Pesquisa realizada no Manicômio Judiciário do Estado do Ceará[36] também confirma a aceitação absoluta, por parte do judiciário, do resultado de perícias psiquiátricas, numa atividade que transforma o ato de julgamento em mera chancela mecânica.
Desta forma, é prudente não esquecer que o chamamento do judiciário para concretizar direitos dos portadores de transtornos mentais, embora urgente e necessário, deve ser iniciado por uma apresentação da nova saúde mental constitucional aos magistrados, matéria ainda a ser desenvolvida plenamente nos planos teórico e prático, embrião de novas possibilidades, esperança e preparação de um futuro necessariamente muito melhor, onde a linguagem da diferença finalmente nos traduzirá em seres iguais.

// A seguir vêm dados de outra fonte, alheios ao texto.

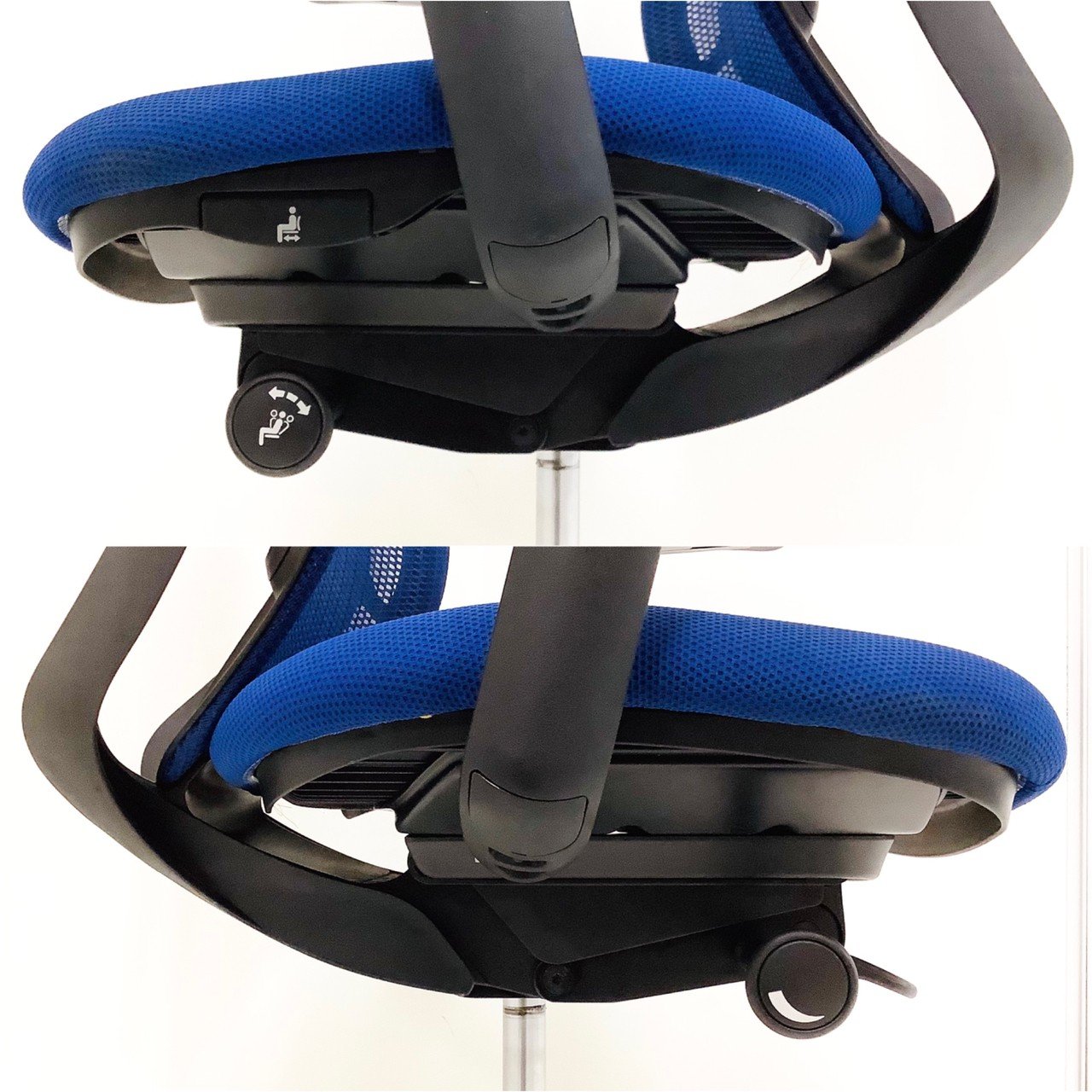 - 座面の左にあるレバー操作により、座面の奥行き調整が可能です。(ストローク:50mm)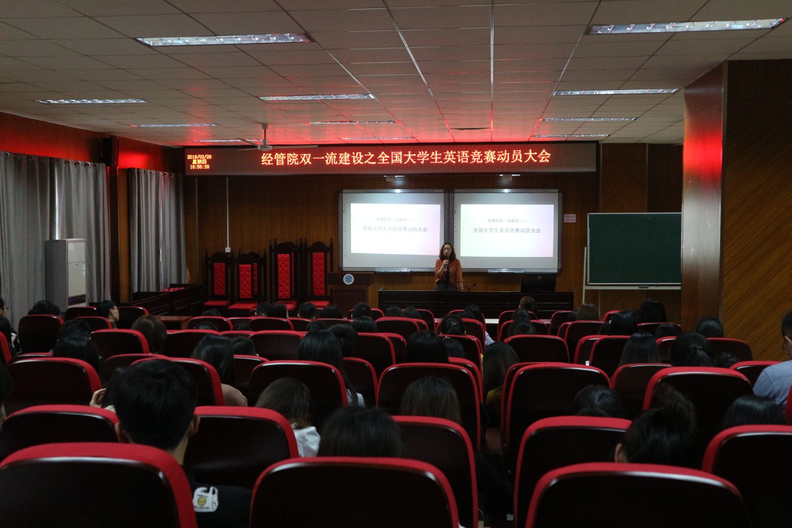 2018年3月29日下午4点半,为了响应学校第十六次党代会提出的建设高水平特色大学的目标,我院在C105教室举办了全国大学生英语竞赛动员大会,参加本次动员大会的有研究生辅导员洪春奇老师、17级辅导员谢冰清老师和本科一二年级、研究生一年级的部分同学。

Exemplo de atuação conservadora por parte do poder judiciário, que apenas reforça o estigma e o preconceito, é a exigência jurisprudencial de interdição total[37] para o recebimento do benefício da prestação continuada[38] pelo portador de transtorno mental, quando o art. 20 da LOAS não faz esta exigência. Pesquisa realizada por Patrícia Ruy Vieira[39] revela a tendência do poder judiciário em decretar interdições totais, ignorando as virtudes da interdição parcial. Lembra o Conselho Federal de Psicologia, contudo, que pessoa incapacitada para vida independente e para o trabalho é aquela que precisa de ajuda para a sua própria sobrevivência. Isso não significa que ela esteja incapacitada para tomar decisões a respeito de sua própria vida, que não possa ter uma conta no banco, que não possa sair sozinha de casa, etc. A maioria das pessoas que possuem alguma doença mental é completamente capaz de regular sua vida, como qualquer outra, pelo menos na maior parte do tempo. Seu transtorno, no entanto, pode lhes impedir de trabalhar normalmente, e isso é o que deve ser medido para efeito do benefício[40].

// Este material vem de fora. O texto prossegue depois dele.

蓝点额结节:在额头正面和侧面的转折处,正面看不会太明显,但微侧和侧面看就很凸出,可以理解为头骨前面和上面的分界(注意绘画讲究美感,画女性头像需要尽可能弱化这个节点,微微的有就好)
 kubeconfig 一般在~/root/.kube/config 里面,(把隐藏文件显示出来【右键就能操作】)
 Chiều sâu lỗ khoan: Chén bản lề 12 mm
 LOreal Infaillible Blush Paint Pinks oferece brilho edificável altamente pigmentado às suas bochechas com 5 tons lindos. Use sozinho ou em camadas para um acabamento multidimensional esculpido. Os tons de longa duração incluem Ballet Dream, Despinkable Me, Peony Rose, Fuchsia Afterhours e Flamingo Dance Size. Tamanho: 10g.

Outro exemplo de atuação conservadora foi percebido em pesquisa[41] realizada no Manicômio Judiciário do Estado do Ceará, onde todas as decisões acerca da averiguação de cessação de periculosidade eram meras chancelas dos laudos psiquiátricos, documentos de fundamentação absolutamente iguais para todos os casos. A apreciação judicial anulou-se diante das prescrições da psiquiatria.

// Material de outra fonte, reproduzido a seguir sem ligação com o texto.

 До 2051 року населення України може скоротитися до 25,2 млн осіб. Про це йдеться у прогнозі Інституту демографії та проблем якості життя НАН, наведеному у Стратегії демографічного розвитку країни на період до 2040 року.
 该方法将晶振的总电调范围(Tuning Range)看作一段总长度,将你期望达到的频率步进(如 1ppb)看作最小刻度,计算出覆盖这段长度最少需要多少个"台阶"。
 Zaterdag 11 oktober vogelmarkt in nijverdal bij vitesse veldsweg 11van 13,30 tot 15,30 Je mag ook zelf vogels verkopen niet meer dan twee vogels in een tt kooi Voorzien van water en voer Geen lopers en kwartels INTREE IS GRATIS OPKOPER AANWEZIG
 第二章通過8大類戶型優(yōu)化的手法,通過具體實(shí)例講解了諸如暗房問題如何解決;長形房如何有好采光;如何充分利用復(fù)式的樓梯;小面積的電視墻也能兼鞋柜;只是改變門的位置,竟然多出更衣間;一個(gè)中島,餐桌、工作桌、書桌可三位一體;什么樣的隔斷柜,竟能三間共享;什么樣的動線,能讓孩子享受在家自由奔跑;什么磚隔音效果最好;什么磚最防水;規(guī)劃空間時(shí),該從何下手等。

Para a adequada aproximação entre saúde mental e poder judiciário, portanto, é necessário municiar este com os paradigmas da reforma psiquiátrica e dos Princípios para a Proteção de Pessoas Acometidas de Transtorno Mental e para a Melhoria da Assistência à Saúde Mental da Organização das Nações Unidas – ONU. O direito não se realiza sozinho, exige luta[42].